Some cases of nappy rash may be caused by a fungal infection. Babies’ skin is very soft and absorbent, and is often more sensitive than adult skin. Fungi can be passed from the bowel and live in warm, wet, nappies. Changing nappies often when soiled will help prevent fungal infections.

Oral thrush

This common fungal infection appears as creamy-white patches in the mouth. The mouth is often also red and irritated. Oral thrush is more common in babies, people who wear dentures, and in people who take medicines from inhaler devices (e.g. ‘puffers’) - particularly asthma preventer inhalers. If a baby with oral thrush is breastĀ­feeding, both mother and baby need to be treated. Mother applies the medicine to her nipples.

Nail and scalp fungal infections

Fungal infections of the nails produce whitish areas, or thickened, yellowish and crumbly, nails. Toenails are infected more often than fingernails. In most cases, the nail infection occurs when people have athlete’s foot, where the infection spreads from the skin on the feet to the nails.

Scalp fungal infections occur more commonly in children. There may be patches of hair loss with some scaling and itching.

Treatment

Fungal infections can be treated with anti-fungal medicines available from your Life pharmacist. These medicines come as creams, lotions, powders, shampoos, foaming solutions, sprays, oral gels and tinctures. Lotions and sprays often are useful where the skin has split, or where the area is particularly moist or hairy. Creams are best for drier areas of the skin. Powders prevent skin rubbing together and chafing. They absorb moisture, and help with fungal nail infections. Often they are used in shoes and socks when a person has athlete’s foot, as a preventative against the infection spreading.

Skin anti-fungal treatments should be used as often as directed, and for a minimum of one to two weeks. Most medicines should be used until the infection has gone, and then continued for at least one week after the infection has cleared, to prevent it coming back. Nail infections, which are more difficult to treat, require longer-term oral treatment with tablets.

Your Life pharmacist also may suggest an anti-inflammatory cream if your skin is very red and itchy.

Oral gels, suspensions and lozenges are used for thrush in the mouth. Selenium shampoo and anti-fungal foaming solutions are used for Tinea versicolor. Treatment is for 3 days and repeated after one month and again after three months.

Self care

  • Avoid sharing towels, shoes and clothing with other people.
  • Avoid using perfumed soaps and shampoos.
  • Avoid scratching as this can help to spread the infection, or break the skin and cause a bacterial infection.
  • Change your socks daily if the infection is athlete’s foot.
  • Add to your shoes and socks an anti-fungal powder to help prevent re-infection.
  • Wear cotton and other natural fabrics instead of synthetics to decrease perspiration and increase air circulation, e.g. cotton socks and underwear.
  • Clean the bath and shower well so you don’t re-infect yourself and others.
  • If you have athlete’s foot, wash your feet thoroughly and dry them well but do not rub the infection too hard. Allow feet as much exposure to air as possible. Allow any sweaty shoes to dry before using them.

Prevention

Dry your body well after bathing, especially your groin area, between your toes, and under the breasts for women.

Wear sandals or other suitable footwear around swimming pools or public showers, so your feet are not in contact with possible sources of infection.

Wash and air sports shoes regularly. Alternate between two pairs if possible, AND avoid sharing shoes.

Use an antiperspirant if you perspire a lot. Ask your Life pharmacist for suggestions.
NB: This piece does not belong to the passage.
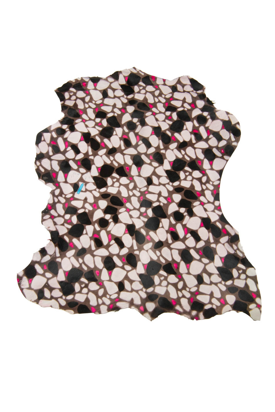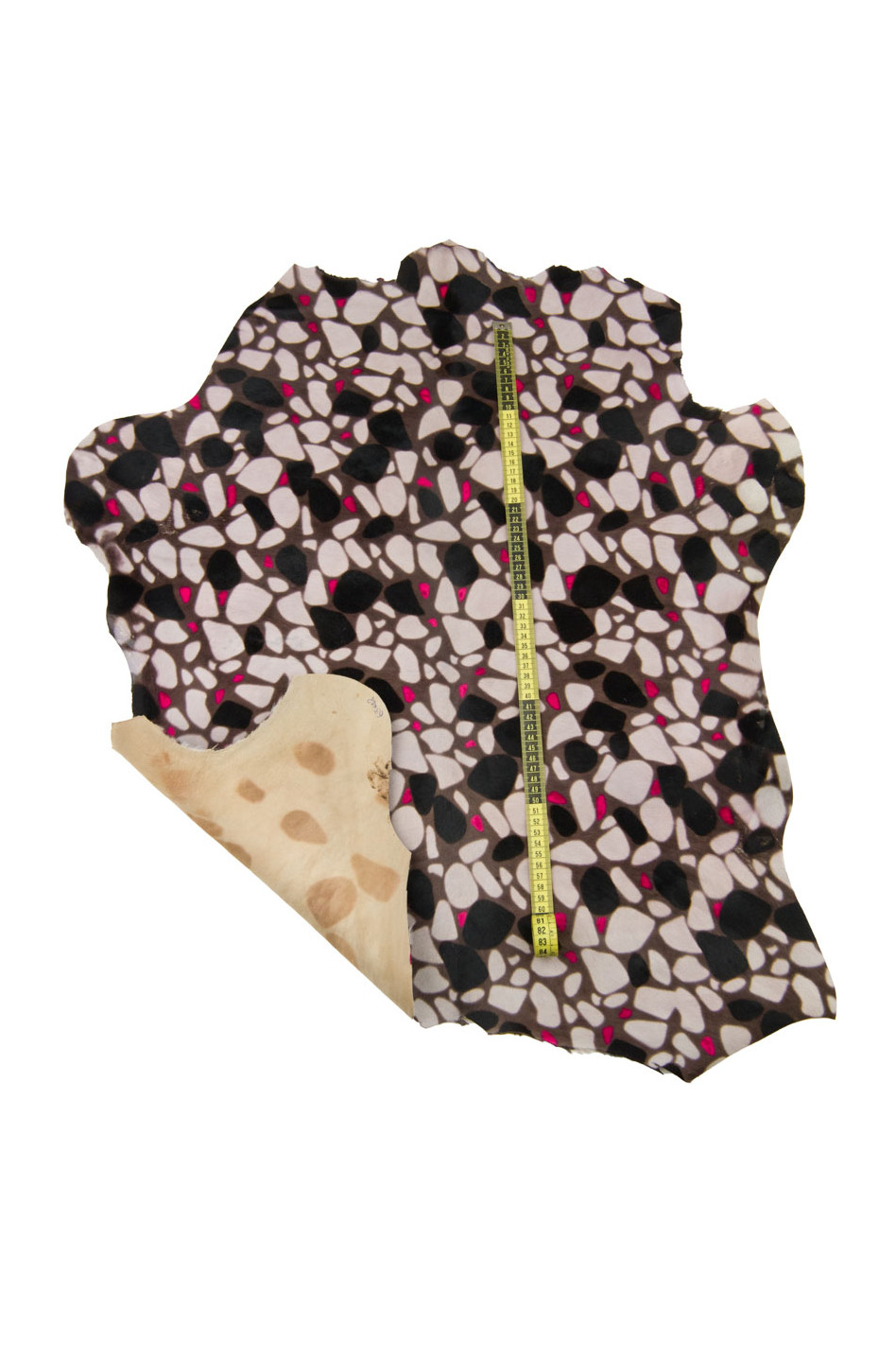 Pelle CAVALLINO in vitello, stampa GEOMETRICA dai toni beige, nero e fucsia, pellame pony stampato per artigiani
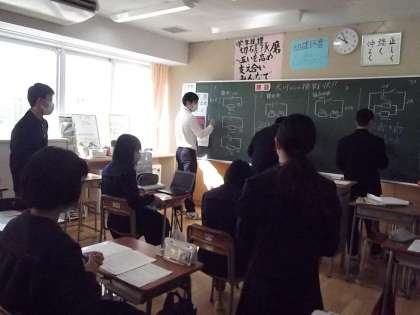 直列回路・並列回路における、回路全体の抵抗(値)を求めようとしています。あちらこちらで学び合いが行われています。「大川先生からの挑戦」という学習課題のため、謎解きのような感覚で、楽しんで学習に臨んでいます。

Take your pets to the vet if you think they may have fungal infections.

Brush teeth after using asthma preventer inhalers to avoid getting oral thrush.

Change babies’ nappies frequently, and use a barrier cream from your Self Care pharmacist to prevent nappy rash.

When to see a doctor

If the infection does not get better even after you have used medicines In the time frame suggested by your pharmacist.

If the infection becomes very red, swollen or crusted, weeps or smells.

For very widespread cases of Tinea versicolor, or nail and scalp fungal infections, you will need to see a doctor for prescription medicines.